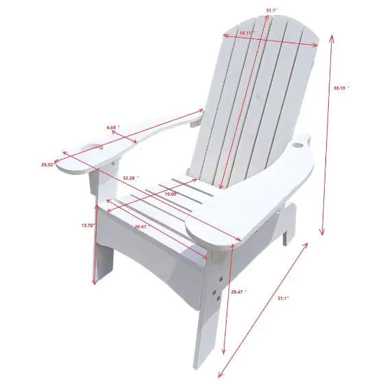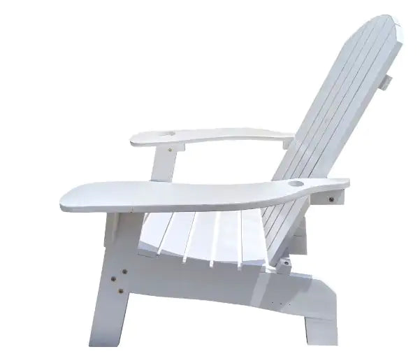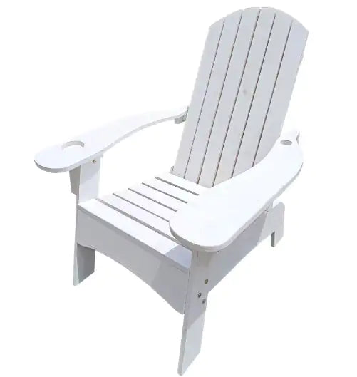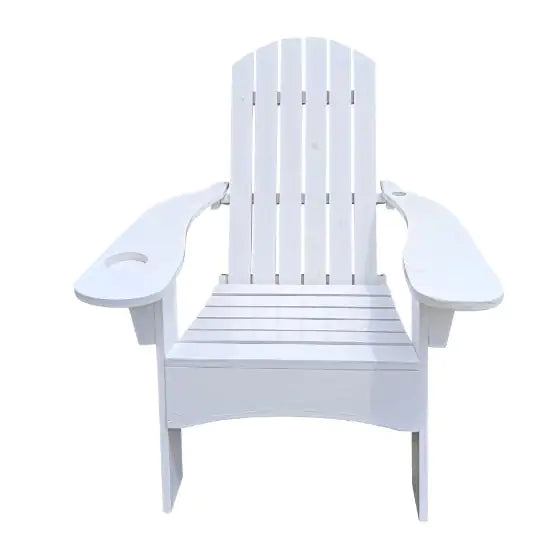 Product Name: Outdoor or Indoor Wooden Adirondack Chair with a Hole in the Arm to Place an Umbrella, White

==

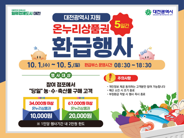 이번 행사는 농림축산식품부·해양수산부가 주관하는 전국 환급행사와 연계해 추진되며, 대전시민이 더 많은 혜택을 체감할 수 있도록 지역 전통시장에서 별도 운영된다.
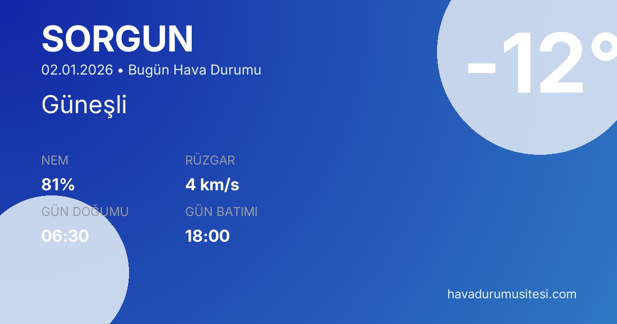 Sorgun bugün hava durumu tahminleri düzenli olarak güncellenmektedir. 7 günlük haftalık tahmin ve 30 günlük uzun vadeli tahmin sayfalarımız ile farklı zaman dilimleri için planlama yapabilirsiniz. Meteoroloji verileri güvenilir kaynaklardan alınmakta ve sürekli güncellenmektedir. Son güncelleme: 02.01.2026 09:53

Task to carry out | Repeat only the stretch of data above that runs from the line with "이번 행사는 농림축산식품부·해양수산부가" to the line with "Sorgun bugün hava". Keep both end lines; exclude pictures.

Expected output |
 이번 행사는 농림축산식품부·해양수산부가 주관하는 전국 환급행사와 연계해 추진되며, 대전시민이 더 많은 혜택을 체감할 수 있도록 지역 전통시장에서 별도 운영된다.
 Sorgun bugün hava durumu tahminleri düzenli olarak güncellenmektedir. 7 günlük haftalık tahmin ve 30 günlük uzun vadeli tahmin sayfalarımız ile farklı zaman dilimleri için planlama yapabilirsiniz. Meteoroloji verileri güvenilir kaynaklardan alınmakta ve sürekli güncellenmektedir. Son güncelleme: 02.01.2026 09:53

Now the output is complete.